All land units and public streets in the Bo-Kaap are now included in the HPOZ and as such have heritage protection.

“From now on, development applications for properties within the Bo-Kaap will be assessed more critically with an additional focus on the impact that the development proposal will have on the heritage value of the building and site and on the area,” said the City’s mayoral committee member for spatial planning and environment, Marian Nieuwoudt.

The HPOZ also allows the City to impose conditions to the approval so that the heritage value of the building or site is protected or enhanced. The City may also ask the applicant to amend the plans.
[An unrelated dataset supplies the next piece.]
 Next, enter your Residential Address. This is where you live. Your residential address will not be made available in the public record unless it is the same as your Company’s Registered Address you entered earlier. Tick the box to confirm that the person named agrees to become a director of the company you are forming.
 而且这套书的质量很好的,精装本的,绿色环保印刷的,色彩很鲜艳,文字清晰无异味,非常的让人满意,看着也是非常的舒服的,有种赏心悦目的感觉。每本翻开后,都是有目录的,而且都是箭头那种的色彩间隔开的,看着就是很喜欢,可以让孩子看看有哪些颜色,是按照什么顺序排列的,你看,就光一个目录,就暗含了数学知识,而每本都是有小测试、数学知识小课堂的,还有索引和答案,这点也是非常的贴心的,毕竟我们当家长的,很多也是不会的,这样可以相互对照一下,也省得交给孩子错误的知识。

Apart from being the earliest established Muslim community in South Africa, Bo-Kaap is also Cape Town’s oldest surviving residential neighbourhood with well-presented and coherent streetscapes. The City approved the inclusion of the Bo-Kaap area in a heritage protection overlay zone on March 28.
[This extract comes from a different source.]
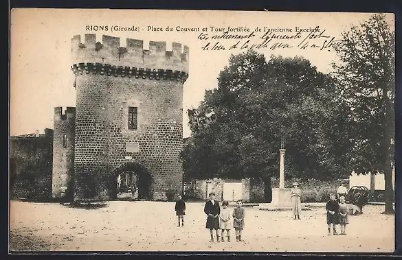 AK Rions, Place du Couvent et Tour fortifiée de l`ancienne Enceinte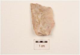 | Description / विवरण | A flake made on chert, flake scars on dorsal side, diffused bulb on ventral side and use wear marks on edges. |

The HPOZ for the Bo-Kaap extends to the Table Mountain National Park and includes the northern green verges to the northwest of Strand Street, and includes Buitengracht between the intersections with Carisbrook and Strand Street. It has an impact on all of those who own property in the Bo-Kaap, in particular as it relates to new developments, restorations and the maintenance and alteration of properties.
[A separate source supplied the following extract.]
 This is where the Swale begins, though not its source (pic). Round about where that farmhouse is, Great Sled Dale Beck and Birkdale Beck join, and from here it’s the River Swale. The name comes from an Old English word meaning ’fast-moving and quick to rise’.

Some of the HPOZ objectives include:

To conserve the Bo-Kaap heritage by encouraging owners to retain and rehabilitate the existing residential buildings

To protect the streetscapes

To ensure that new developments and alterations to existing buildings complement the historic urban landscape and that the area’s heritage is not negatively impacted on

To promote and protect public open spaces and pedestrian movement along the roads and lanes; and

To promote the cultural traditions and living heritage of the Bo-Kaap where people live outwardly on the stoeps and sidewalks

The HPOZ does not affect ownership or the rental of property, neither does it prevent new development. It does, however, set additional development rules over and above the provisions of the base zoning for land units in the Bo-Kaap.

Importantly,applications that have been accepted by the City before April 12 will be processed and considered in terms of the legislation at the time of acceptance.